- [Assignment] Could you restate word for word the lines running from the one with "Oder eben einen" to the end of the data, both ends included, but without pictures?

- [Entries shown]
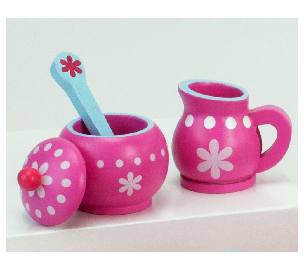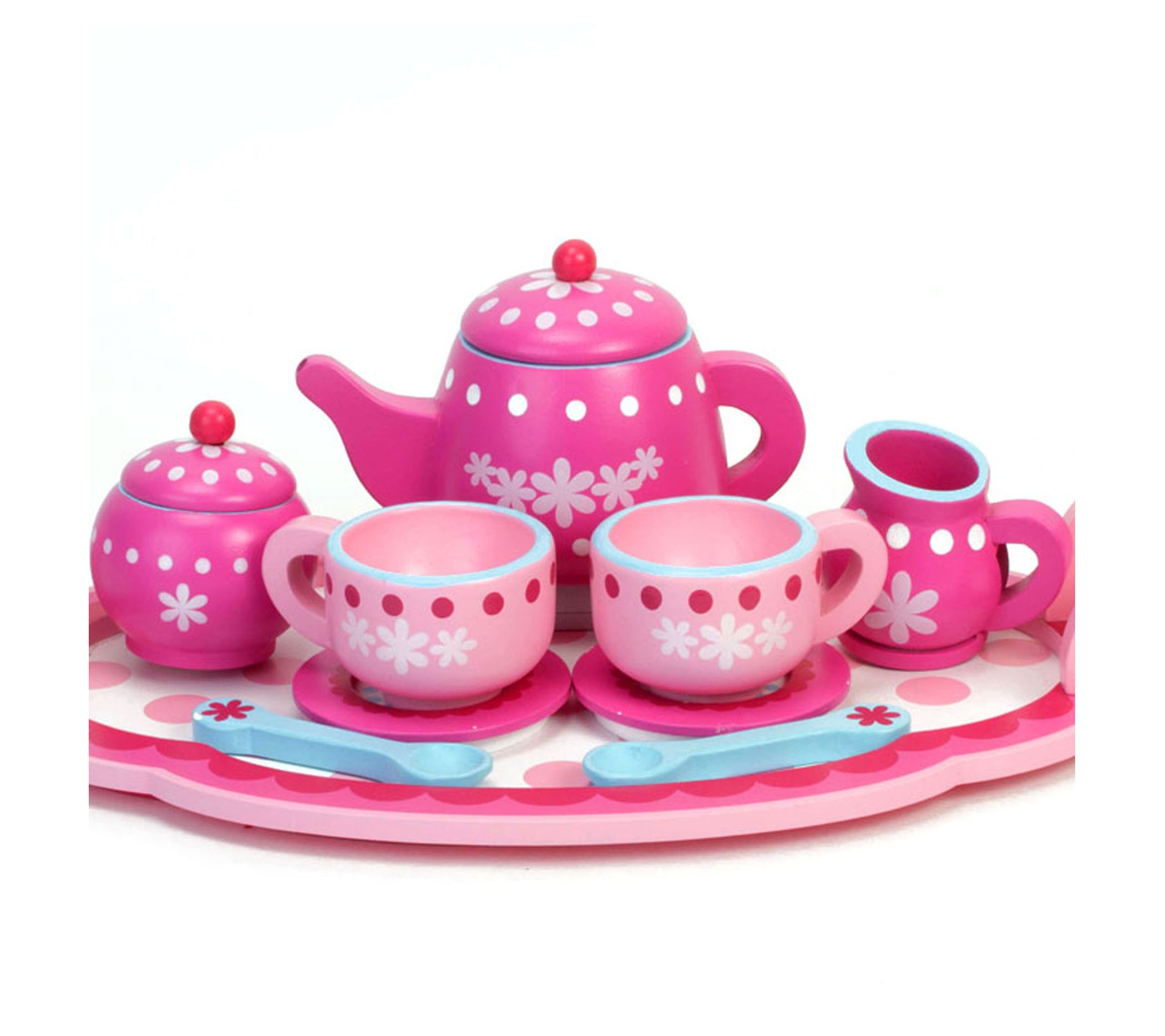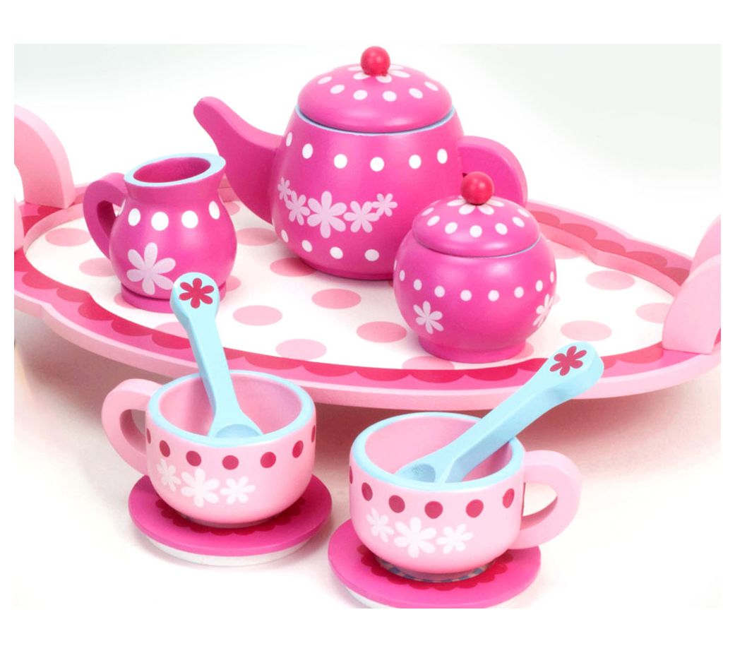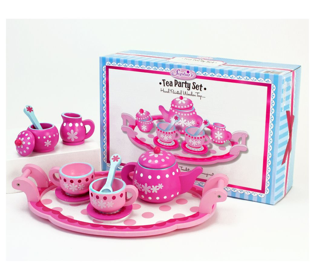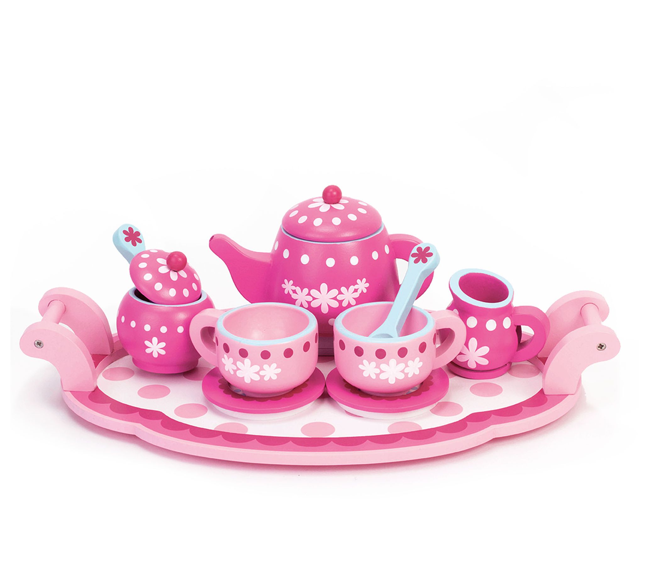 Invite a favorite stuffed animal or doll to a lovely afternoon party with this beautiful wooden tea set, featuring everything needed for a great make-believe teatime including a tray for stylish delivery. From Sophia's.
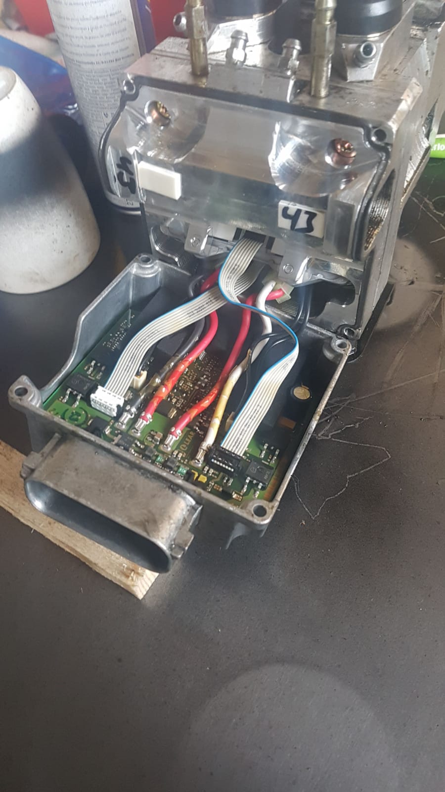 Oder eben einen günstigen BKV erwerben und die Steuerung tauschen. Bild von der offenen Steuerung mit den direkten Stromkabeln zu den beiden Motoren des BKVs hänge ich an.
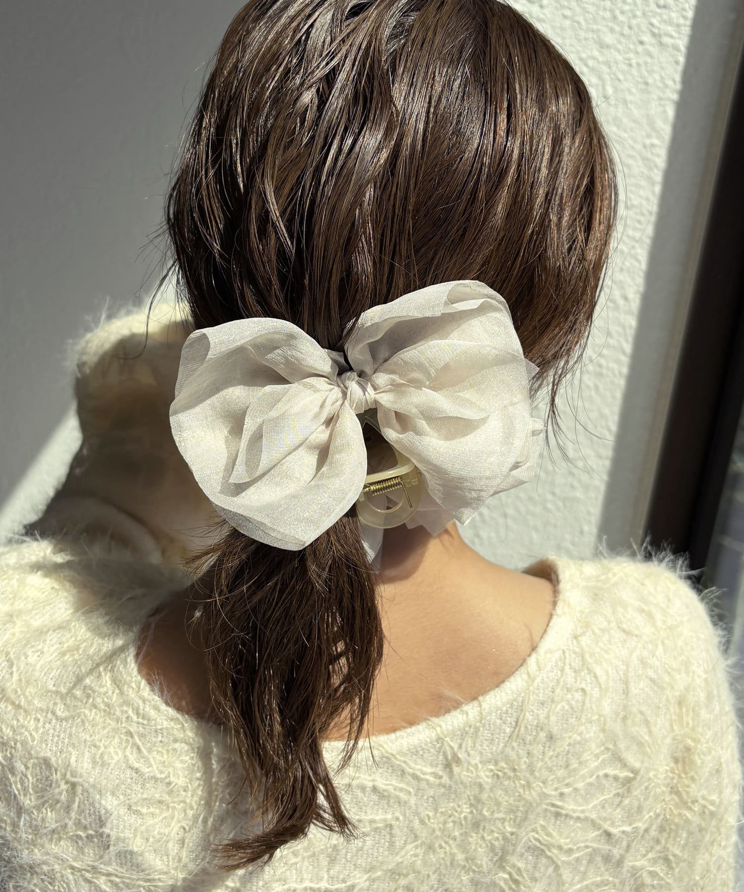・存在感のある大きなリボンが、シンプルなヘアスタイルを一気に華やかに
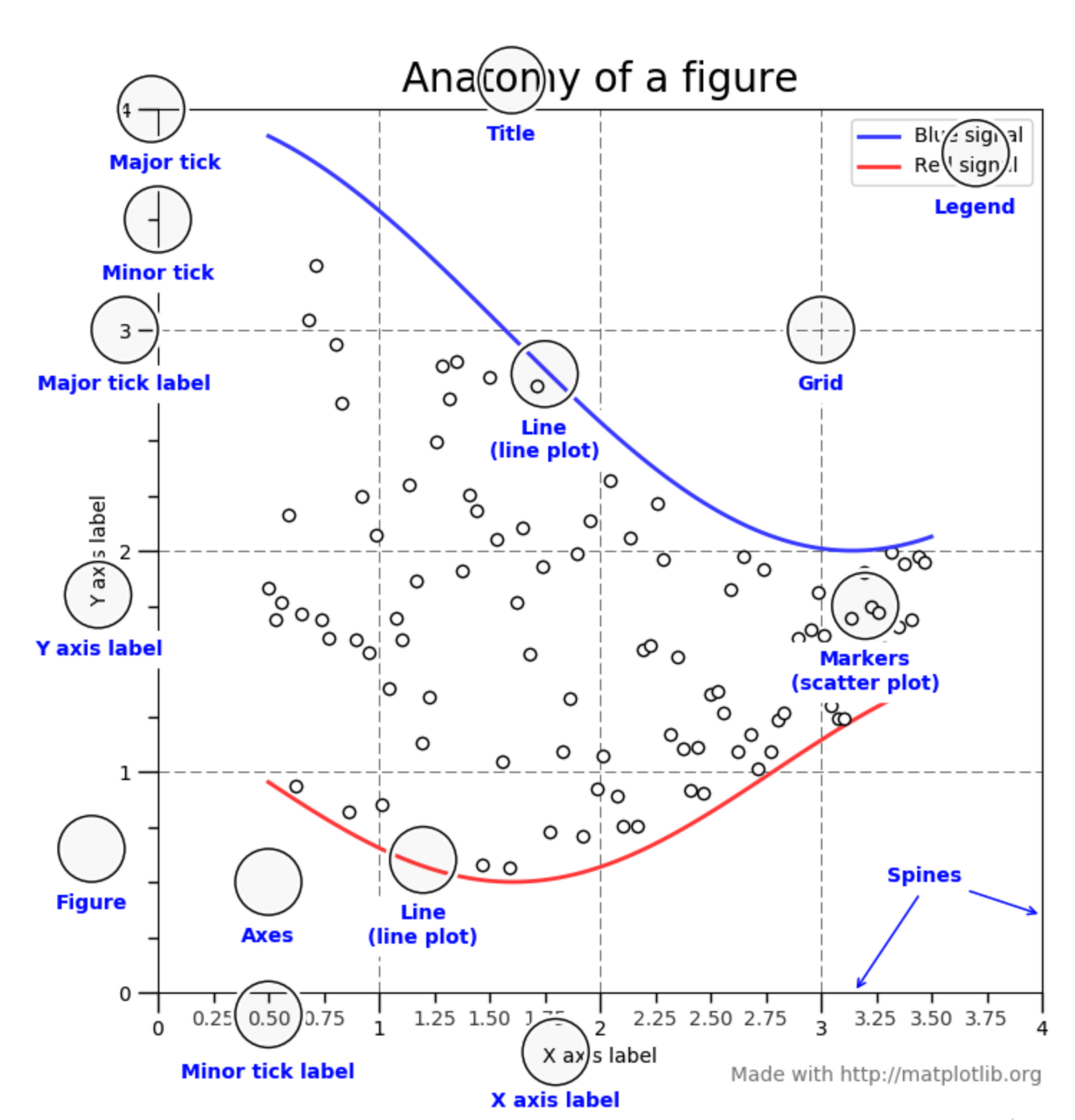 - 처음 matplotlib을 사용해 그래프를 그릴 때, 그래프와 관련된 명칭을 (영어 표현으로) 몰라 애를 먹었습니다
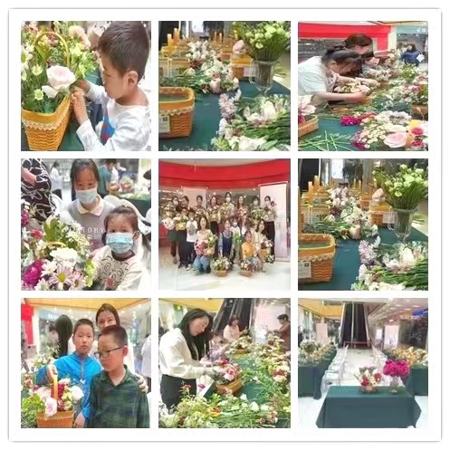 活動(dòng)現(xiàn)場,花藝?yán)蠋熢敿?xì)講解了花藝的歷史淵源、特色、插花類型和技巧,并手把手傳授插花實(shí)操要領(lǐng)。在老師的指導(dǎo)幫助下,參與的媽媽和孩子們邊看邊學(xué),認(rèn)真創(chuàng)作,將原本普通的花草經(jīng)過巧手制作成精致的插花作品。活動(dòng)得到了媽媽和孩子的廣泛參與,尤其是媽媽們手捧著自己孩子制作的色彩鮮艷、錯(cuò)落有致的花束拍照留念,臉上溢滿了幸福。

- [Completed task]
 Oder eben einen günstigen BKV erwerben und die Steuerung tauschen. Bild von der offenen Steuerung mit den direkten Stromkabeln zu den beiden Motoren des BKVs hänge ich an.
・存在感のある大きなリボンが、シンプルなヘアスタイルを一気に華やかに
 - 처음 matplotlib을 사용해 그래프를 그릴 때, 그래프와 관련된 명칭을 (영어 표현으로) 몰라 애를 먹었습니다
 活動(dòng)現(xiàn)場,花藝?yán)蠋熢敿?xì)講解了花藝的歷史淵源、特色、插花類型和技巧,并手把手傳授插花實(shí)操要領(lǐng)。在老師的指導(dǎo)幫助下,參與的媽媽和孩子們邊看邊學(xué),認(rèn)真創(chuàng)作,將原本普通的花草經(jīng)過巧手制作成精致的插花作品。活動(dòng)得到了媽媽和孩子的廣泛參與,尤其是媽媽們手捧著自己孩子制作的色彩鮮艷、錯(cuò)落有致的花束拍照留念,臉上溢滿了幸福。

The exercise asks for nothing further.